It lacks the Nintendo vibe, and the neat nintendo music. Sad.


----------



## Xzi (Feb 17, 2017)

Jiehfeng said:


> It lacks the Nintendo vibe, and the neat nintendo music. Sad.


Lol what?  Those are undeniably Nintendo sounds, and IMO it looks pretty much like any other Nintendo OS (except it's actually fast and responsive).  Music I'm sure plays with various themes and when you hover over a game title.


----------



## Bladexdsl (Feb 17, 2017)

Chris313 said:


> He can buy via eshop you know.Not physical carts tho


yeah that would be REAL smart the ONLY guy on earth buying on eshop now he will end up like kongnutz


----------



## szymon170 (Feb 17, 2017)

It kinda looks like Android and Xbox One combined.


----------



## THEELEMENTKH (Feb 17, 2017)

(Maybe a little bit off-topic?)
So... I found this video, what do you guys think? Real or fake? It looks quite real to me... (let the salt begin)


----------



## EvilMakiPR (Feb 17, 2017)

To be honest. The Switch doesnt look that interesting plus only good game at launch is Zelda and it can be played on WiiU


----------



## Jiehfeng (Feb 17, 2017)

Xzi said:


> Lol what?  Those are undeniably Nintendo sounds, and IMO it looks pretty much like any other Nintendo OS (except it's actually fast and responsive).  Music I'm sure plays with various themes and when you hover over a game title.



You're sure? Well it definitely didn't play music with those two themes. And the OS just looks like a custom PS4 OS, doesn't scream nintendo at all to me.


----------



## animex2k9 (Feb 17, 2017)

Mine arrived too


----------



## Meteor7 (Feb 17, 2017)

animex2k9 said:


> Mine arrived too


Do an unboxey vids for proof, or some such equivalent.


----------



## Reecey (Feb 17, 2017)

Tbh the actual OS looked a tad bit dull to me I'm a bit disappointed, doesn't really pull you much towards having a good look around and see what it does, that buzz will last about 2 minutes max! 

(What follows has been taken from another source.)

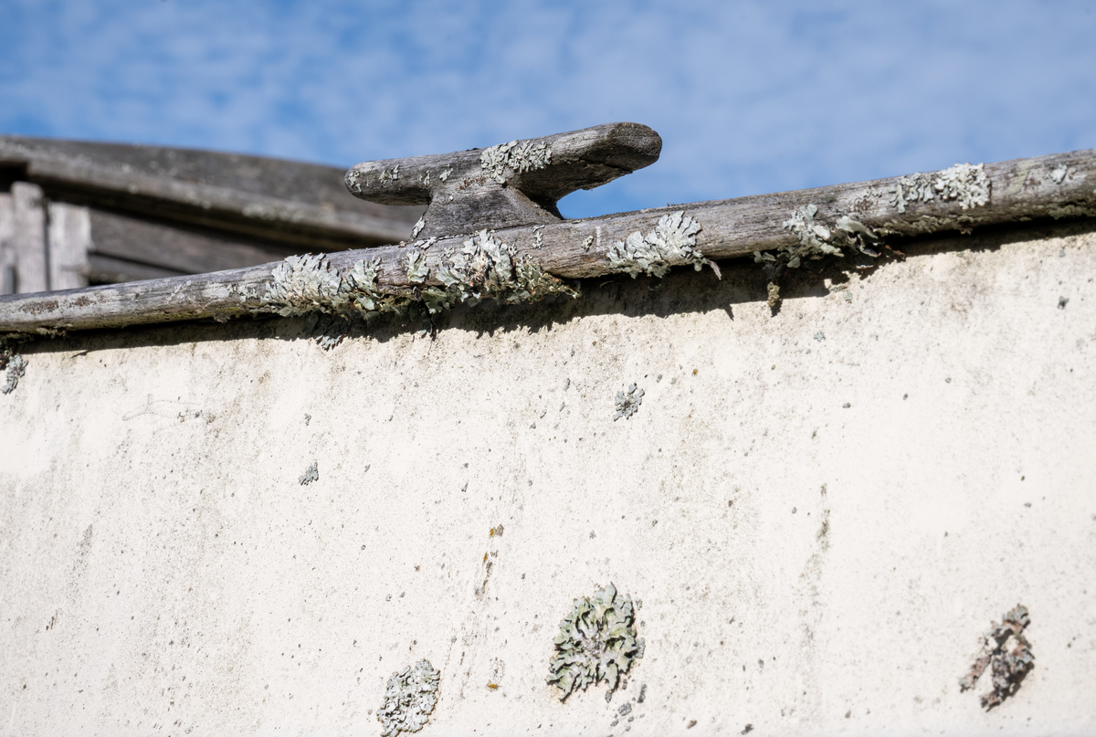Titel: Båtar på båtklubbar där presenningen nötts sönder av väder och vind och glidit av båten.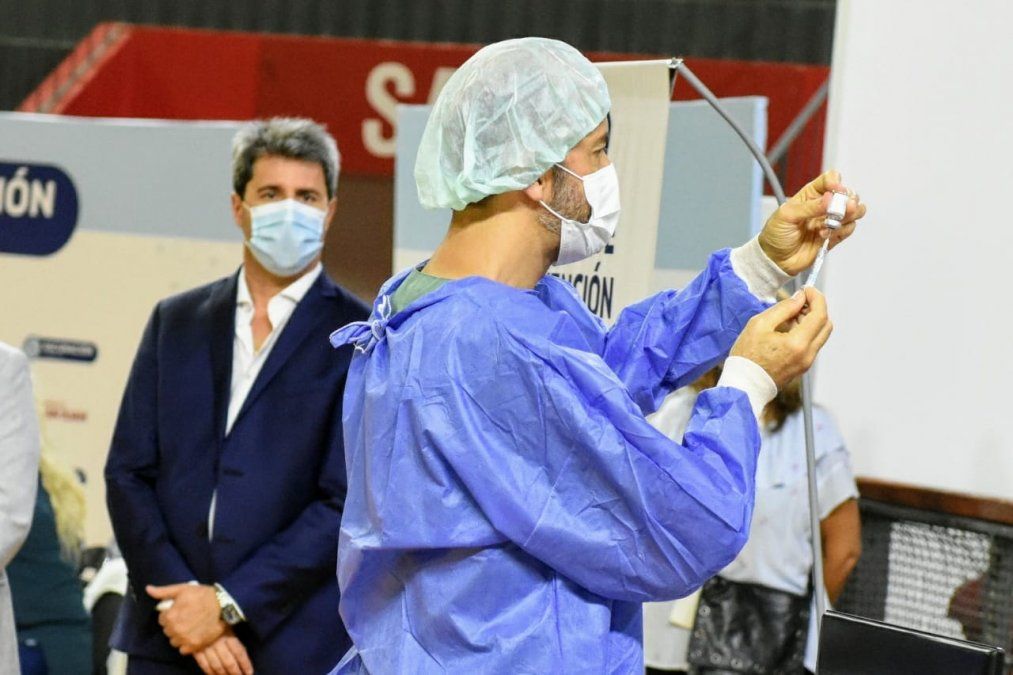 Este lunes, el gobernador Sergio Uñac, junto con autoridades del Ministerio de Salud Pública, estuvieron presentes en el centro de vacunación. El primer mandatario provincial destacó el interés de los profesionales de la salud que se acercan a colocarse la Sputnik V y agradeció el trabajo de los vacunadores.

Edit: I will edit this comment and say, "my WiiU's OS looks more interesting than the Switch does"


----------



## Bladexdsl (Feb 17, 2017)

animex2k9 said:


> Mine arrived too


post the receipt


----------



## Reecey (Feb 17, 2017)

Bladexdsl said:


> post the receipt


Hes blagging! ignore him.


----------



## munchy_cool (Feb 17, 2017)

THEELEMENTKH said:


> (Maybe a little bit off-topic?)
> So... I found this video, what do you guys think? Real or fake? It looks quite real to me... (let the salt begin)



its the same guy doing the unboxing (the one who got it early)..


----------



## Bladexdsl (Feb 17, 2017)

Reecey said:


> Hes blagging! ignore him


remember what happened to the last guy he posted a receipt?


----------



## huma_dawii (Feb 17, 2017)

The console has NOTHING to do out of the box.. xD i love my Wii U, the Wii U OS was fine, it just needed to be faster, a lot more faster.


----------



## animex2k9 (Feb 17, 2017)

Bladexdsl said:


> post the receipt



But then I woke up


----------



## Reecey (Feb 17, 2017)

Bladexdsl said:


> remember what happened to the last guy he posted a receipt?


Not really, post me up I must of missed that exciting thread I want to see! I will have to chew on my 7 days old underwear I'm wearing, if its true from this guy.


----------



## Bladexdsl (Feb 17, 2017)

Reecey said:


> post me up


https://gbatemp.net/threads/aussie-nsmb-wii-pirate-suffers-au1-5-million-fine.207955/

and the switch leak IS true


----------



## munchy_cool (Feb 17, 2017)

Bladexdsl said:


> https://gbatemp.net/threads/aussie-nsmb-wii-pirate-suffers-au1-5-million-fine.207955/
> 
> and the switch leak IS true



Story from the dude himself ..

https://gbatemp.net/threads/kongsnutz-my-story.361116/


----------



## orcid (Feb 17, 2017)

I like the menu.  It seems to be simple and clean.


----------



## Reecey (Feb 17, 2017)

Bladexdsl said:


> https://gbatemp.net/threads/aussie-nsmb-wii-pirate-suffers-au1-5-million-fine.207955/
> 
> and the switch leak IS true


Thanks for the link I will have a read. I know the leak is true in the op but @animex2k9 from above was telling big porkies which I knew from the get go but I suppose he was a sleep at the time when writing the comment


----------



## Chary (Feb 17, 2017)

Interesting--reports are coming in that the Switch has a more modern idea of digital purchases, and, potentially, digital games might not be locked down to a per-console basis anymore.


----------



## Imacaredformy2ds (Feb 17, 2017)

Chary said:


> Interesting--reports are coming in that the Switch has a more modern idea of digital purchases, and, potentially, digital games might not be locked down to a per-console basis anymore.


FRONT PAGE WHEN


----------



## Chary (Feb 17, 2017)

Imacaredformy2ds said:


> FRONT PAGE WHEN


I've been taking a break this week lol, and anyways it's a rumor at this point. Afaik it's just the Switch leak guy claiming it has account-based purchases.


----------



## Xzi (Feb 17, 2017)

Jiehfeng said:


> You're sure? Well it definitely didn't play music with those two themes. And the OS just looks like a custom PS4 OS, doesn't scream nintendo at all to me.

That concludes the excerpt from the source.